'Managed decline' and 'first one out' are commercially viable options for oil majors in a two degrees world, new research suggests
New research released today suggests the only commercially viable future for oil majors in a carbon constrained world is a gradual winding down of their operations or a quick sell off of assets.
The report, from environmental think tank E3G and the Oxford Sustainable Finance Programme, simulated a scenario under which the world's largest oil companies would be forced to shift their business models in line with a 2C trajectory for global emissions, as agreed by governments under the Paris Agreement.
It is based on the results of a 'wargaming' experiment where decision-making by competing oil executives is simulated over several decades. Participants in the game that informed the study included current and former professionals in the extractives and investment industry.
It found that oil firms' best chance of commercial survival is to rapidly diversify from fossil fuels into alternative technologies such as renewable energy, and gradually retire upstream fossil fuel assets.
While a number of highprofile oil and gas firms have started to step up investment in cleaner energy in recent years, very few, if any, have acknowledged the need to start retiring fossil fuel assets.
"Out of five possible strategies, only 'managed decline' and 'first one out' are commercially viable options for International Oil Corporations ," said Ingrid Holmes, director at E3G. "These are the most difficult to implement as they require long-term planning and shifting investor attitudes."
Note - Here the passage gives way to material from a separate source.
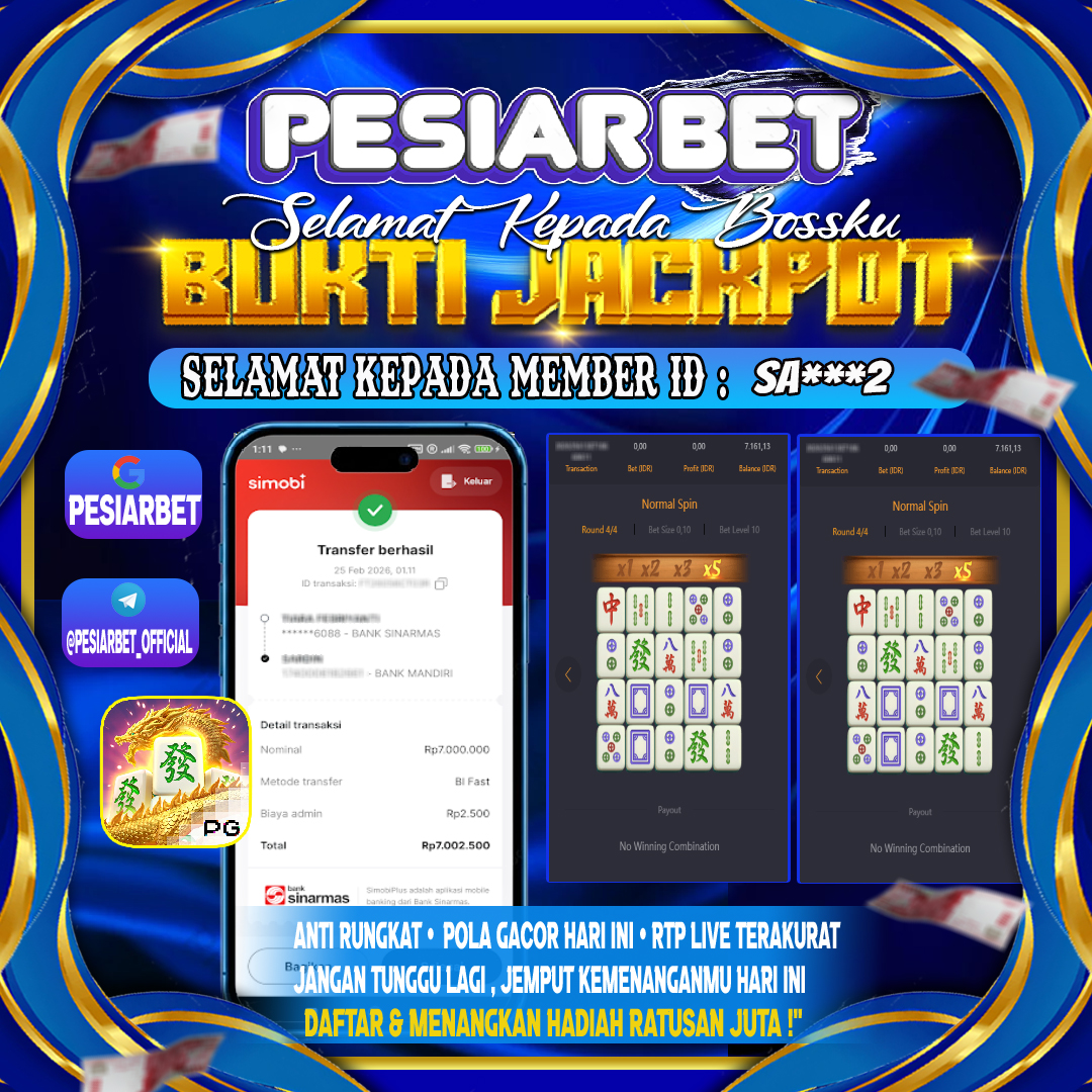 PESIARBET Bukti Kemenangan SLOT MAHJONG WAYS Selamat Kepada Id : SA****2 di di Atas Withdraw Rp 7,000,000 Juta Hari ini. Ditunggu…

But firms will have to be prepared to experience significant challenges in the short-term, warned Ben Caldecott, director of the Oxford Sustainable Finance Programme at the University of Oxford.
"Diversification at the speed required to ensure survival will entail lower dividend payments to shareholders, especially in the short to medium term," he said. "These are the kind of grown up conversations that companies and their investors need to have as soon as possible. A deal can be struck now between companies and their shareholders to ensure their long-term future and one that is also compatible with the rapid decarbonisation of the global economy."
The researchers also warned the costs associated with transitioning to a clean energy economy are likely to increase with time, so policymakers must act quickly to set out a clear pathway for investors and societies to minimise the financial impact.
The results follow reports from oil majors including Chevron and Exxon which for the first time spelled out the carbon majors' vulnerability to a 2C scenario. But while most oil companies acknowledged the rapid transition underway in their industries, they broadly concluded that the low-carbon shift poses little risk to their business strategy.
This is despite evidence suggesting investment decisions taken over the next few years could put $2.3tr of capital at risk unless oil and gas firms explicitly align their business strategies with a 2C scenario.
Talk of 'managed decline' and 'first one out' will be understandably to many within the oil industry, not to mention the treasuries around the world that rely on them for revenues. But the hope is that the latest report in a growing series of investigations on the implications of the 'carbon bubble' will serve as a wake up call. After all, it is increasingly hard to argue with the underlying logic the meeting the goals of the Paris Agreement means leaving fossil fuel assets in the ground. If demand for oil does start to decline as planned, then 'managed decline' may be the only option for the industry that dominated the last century.